▶ RECORDED INFORMATION:
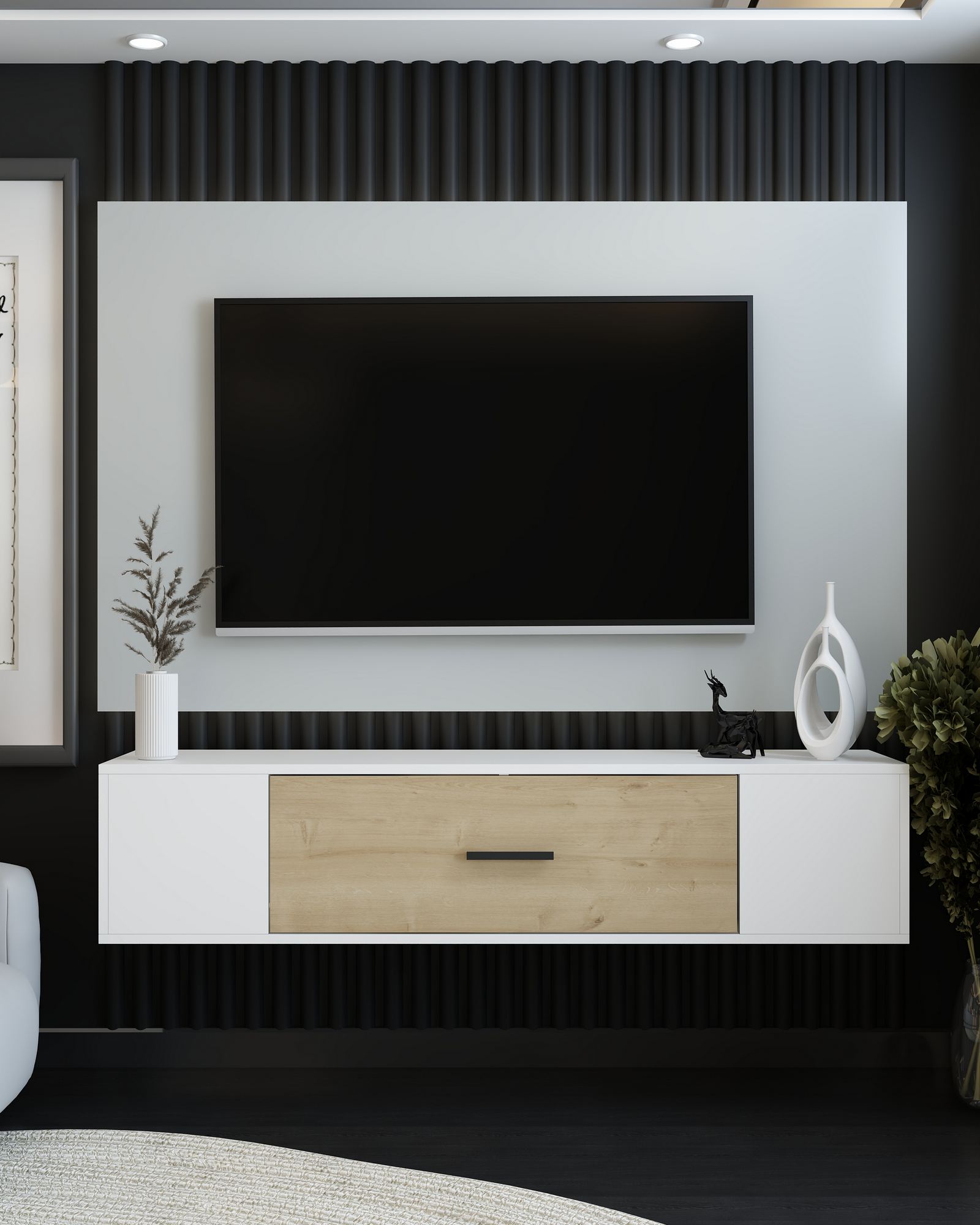 Móvel de TV – 150 cm x 33,2 cm – Branco e Carvalho Safira – MDF
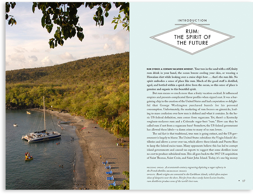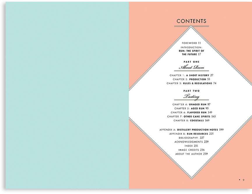 Yo-ho-ho. BTD’s readable typography well-paced visuals help Fred take the reader/drinker on a tour through the history of rum and its manufacture—along with a detailed rating of every rum imaginable. Cheers!
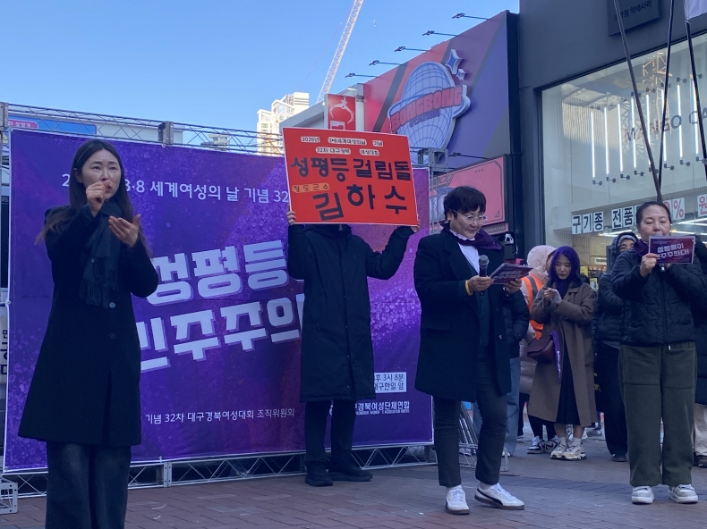 2026년 세계여성의날 기념 제32차 대구경북여성대회 일시: 2026년 3월 7일 오후 3시 8분~ 장소: CGV대구한일 앞

▶ ACTIVITY: Could you transcribe exactly the lines from the one with "Yo-ho-ho. BTD’s readable" through the end of the data, both ends included, and nothing else, skipping the pictures?

▶ EXERCISE RESPONSE:
 Yo-ho-ho. BTD’s readable typography well-paced visuals help Fred take the reader/drinker on a tour through the history of rum and its manufacture—along with a detailed rating of every rum imaginable. Cheers!
 2026년 세계여성의날 기념 제32차 대구경북여성대회 일시: 2026년 3월 7일 오후 3시 8분~ 장소: CGV대구한일 앞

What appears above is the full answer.